Я протянула ему руку. Врач недоуменно посмотрел на меня и взял за запястье. Некоторое время он молчал, отсчитывая про себя. Потом нахмурился, прислушиваясь к ощущениям в пальцах.
– Странно. Словно эхо какое-то.
– У меня двойной пульс. Потому что я не человек. И если вы обнаружили это только сейчас, у меня много вопросов к вашей квалификации. Вообще у вас странная больница. У человека в коме ни анализ крови не взяли, ни пульс не измеряли. У вас как, ЭКГ уже изобрели? – ехидно спросила я.
– Что?
– Электрокардиография. Ну исследование сердца…
– Я понял. Да, у нас есть такое оборудование.
– Ну вот сделайте мне кардиограмму и удивитесь. Я не человек. У меня нет группы крови, у меня двойной пульс от двух сердец, так что от ЭКГ у вас вообще волосы дыбом встанут. Причем второе сердце вы не найдете, даже если вскроете мне грудную клетку. Это тоже можно придумать? – с триумфом произнесла я и осеклась.
Во время моей пафосной речи врач вообще не проявил удивления. Он только сделал вид, приподняв брови, но актер из него был никакой. У меня было стойкое ощущение, что я не сказала для него ничего нового. Он все это знал. С самого начала знал. Все они сделали: и ЭКГ, и и анализ крови.

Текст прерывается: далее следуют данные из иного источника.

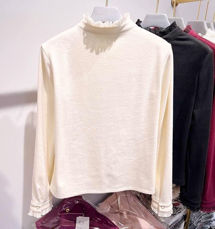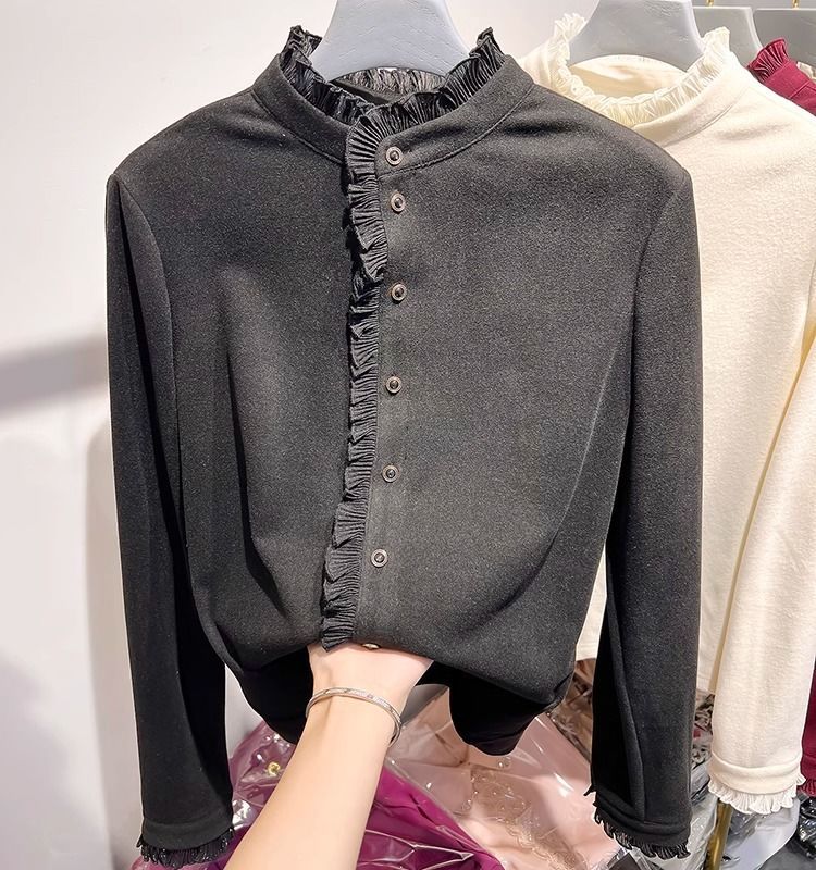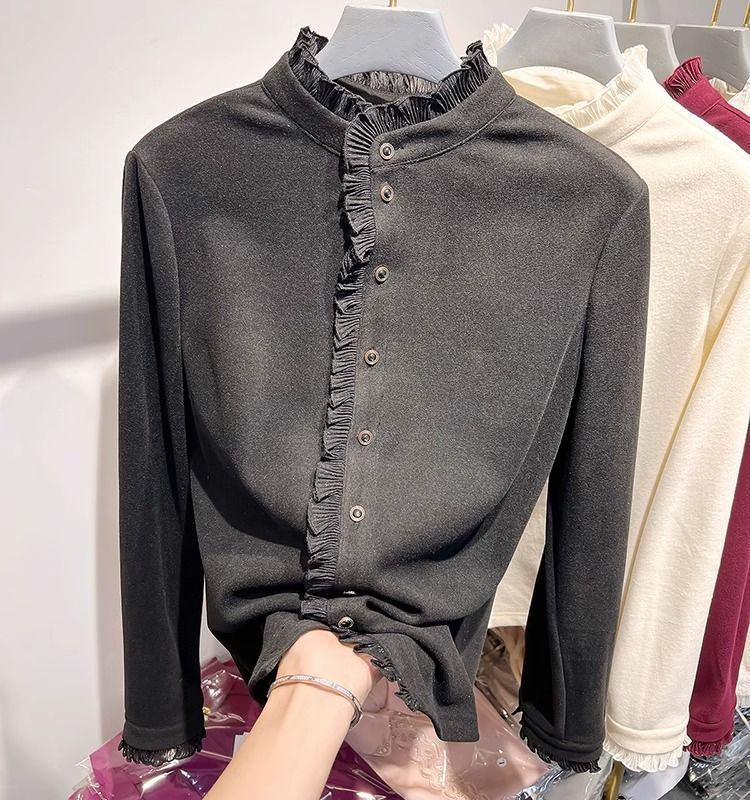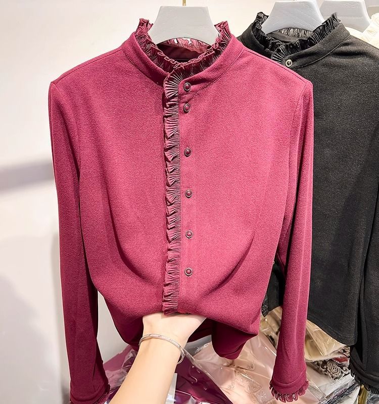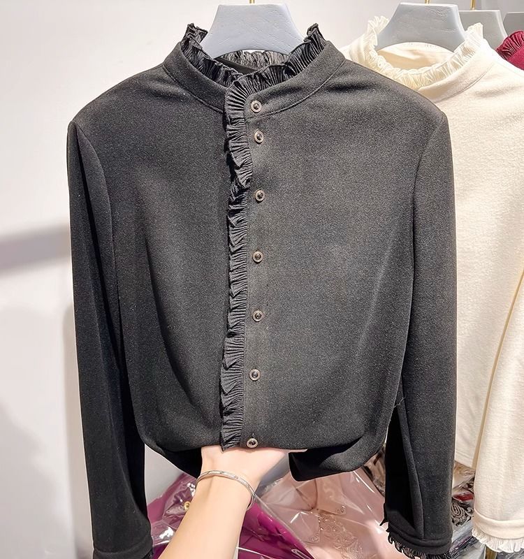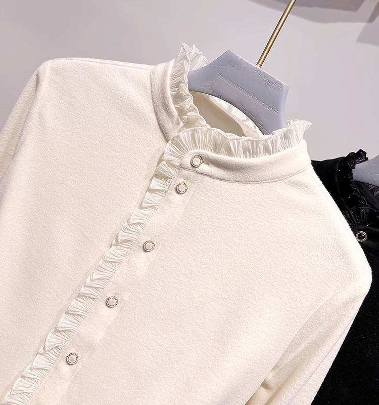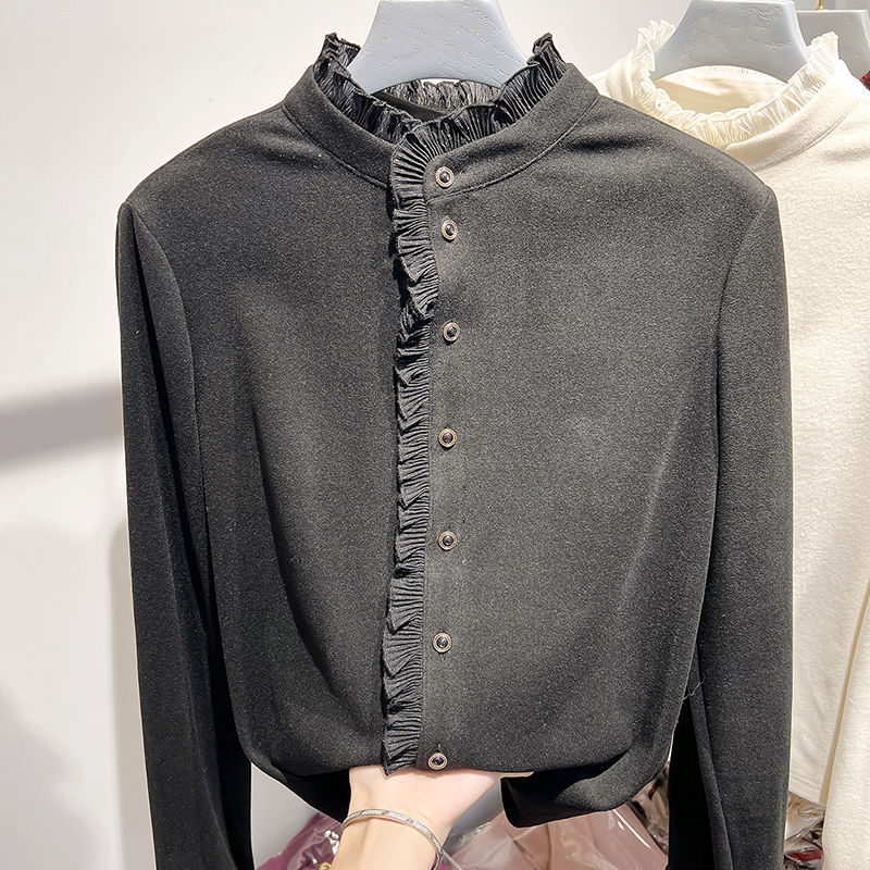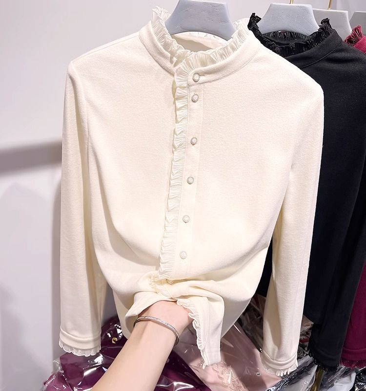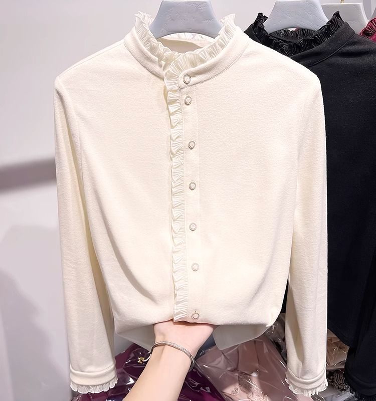 여성용 귀 스탠드 칼라 쉬폰 셔츠 2024 봄 하이 엔드 작은 새 서양 스타일 올 매치 바닥 긴 소매 셔츠스토어 가기

– Что за цирк тут вообще происходит? – сердито спросила я
– Вы о чем?
– Да вы издеваетесь надо мной! Твердите, что я все придумала, хотя прекрасно осведомлены и о ныряльщиках, и о моих особенностях! Зачем?
Он, не моргнув глазом, ответил:
– Для терапии. Да, естественно я в курсе, как и все наши граждане, что наша императрица умеет перемещаться между мирами, благодаря чему наша страна в развитии намного опережает всех соседей и занимает лидирующее положение в мире. Ваш рассказ о перемещениях для меня не новость, но мое сомнение должно было вывести вас из равновесия, потому что вся ваша история – это сложная смесь реального и вымышленного. Фантазией вы замещаете какую-то травму. Моя задача – понять какую именно. А также заставить вас усомниться в том, что вы помните, чтобы настоящие воспоминания всплыли на поверхность.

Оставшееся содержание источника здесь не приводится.